** Stored data follows **

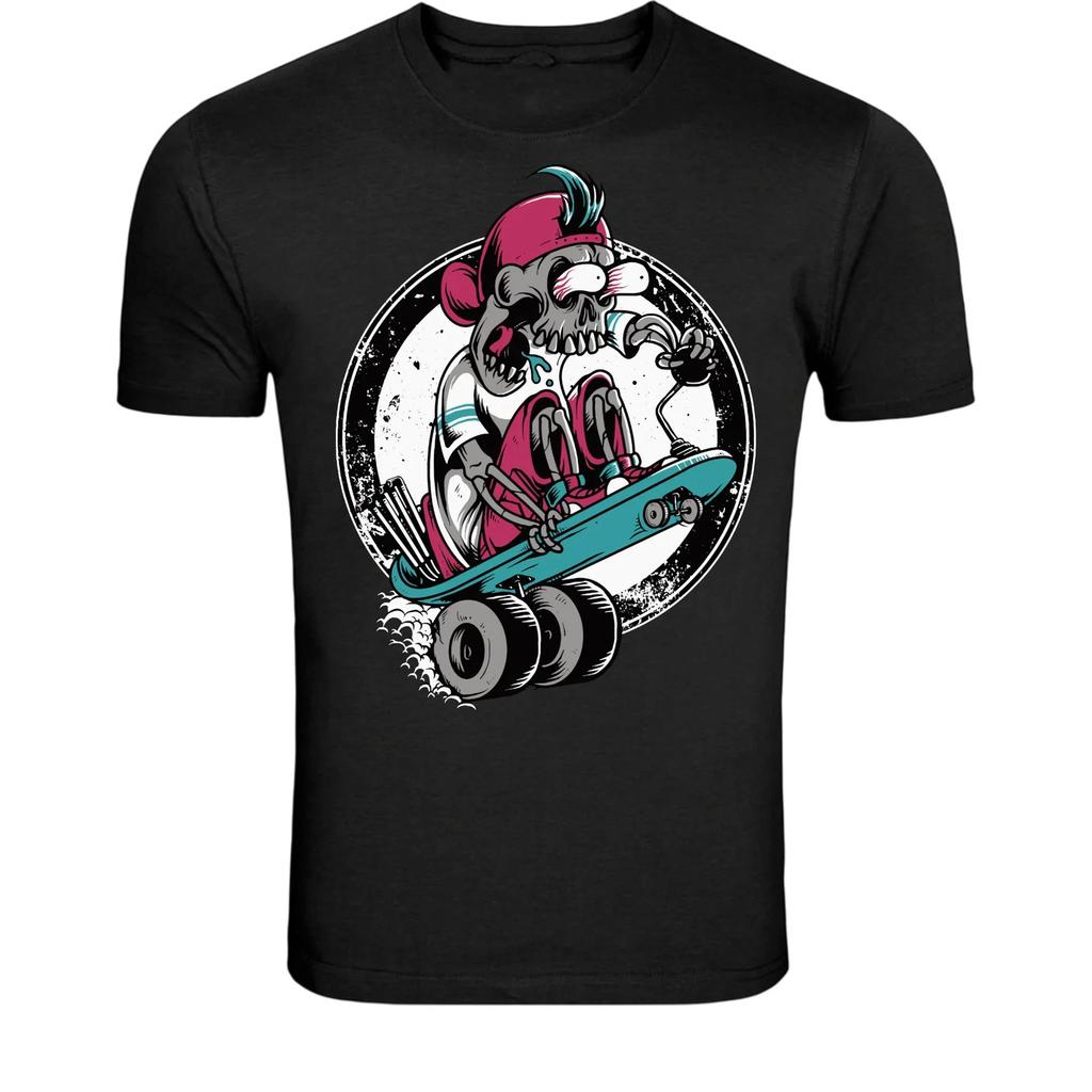 Punk Skeleton Skateboard T-Shirt - Rock Skater Skull Graphic Tee
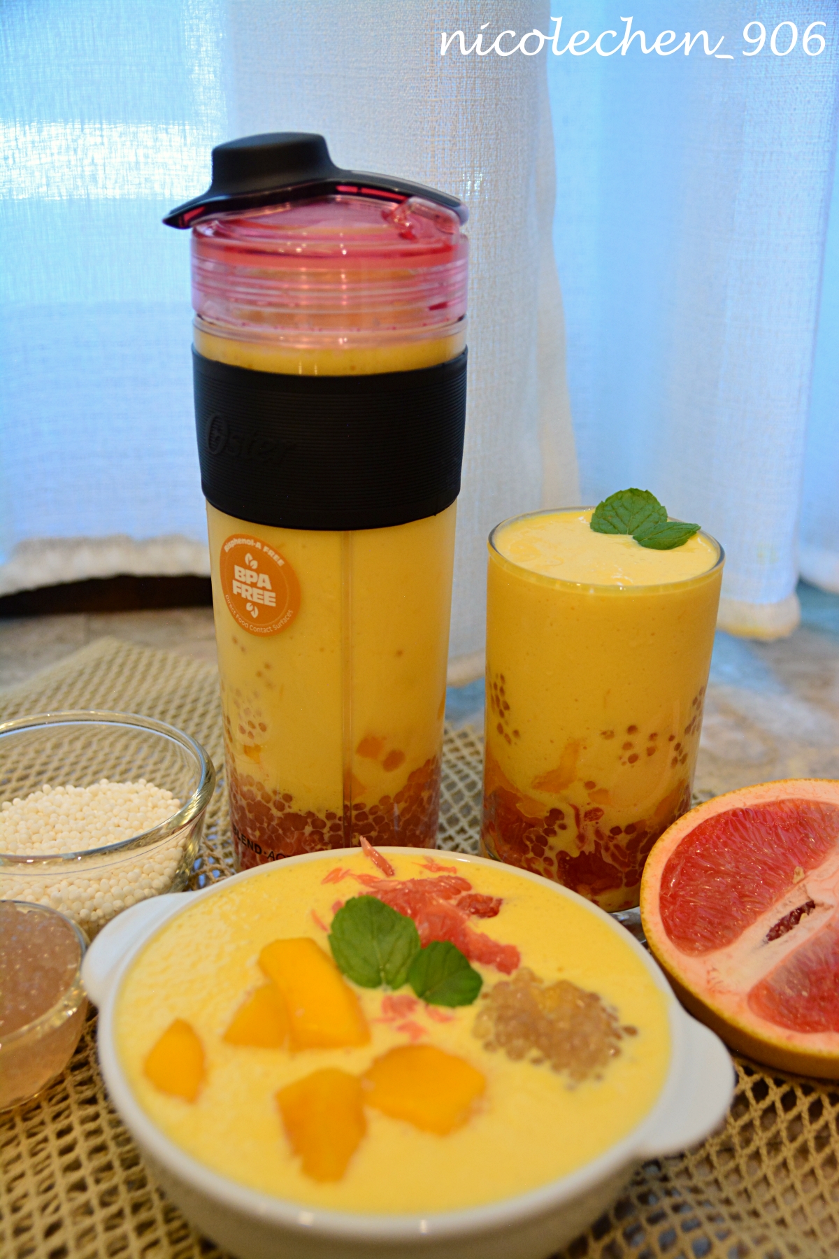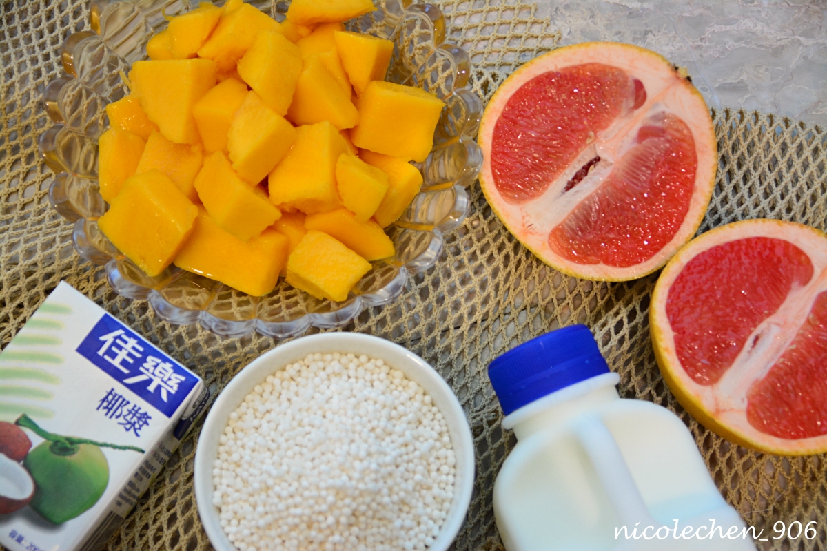 需要的食材:愛文芒果、葡萄柚、椰漿、牛奶、西谷米。
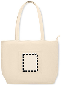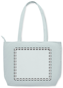 Stor shopping-/strandtaske i polyesterfløjl med lynlåslukning i toppen, åben frontlomme og inderlomme. 220 gr/m².

** End of Stored data **

▶ _Task item_
A faithful copy of all the lines above is needed, with the pictures omitted.

▶ _Task output_
 Punk Skeleton Skateboard T-Shirt - Rock Skater Skull Graphic Tee
 需要的食材:愛文芒果、葡萄柚、椰漿、牛奶、西谷米。
 Stor shopping-/strandtaske i polyesterfløjl med lynlåslukning i toppen, åben frontlomme og inderlomme. 220 gr/m².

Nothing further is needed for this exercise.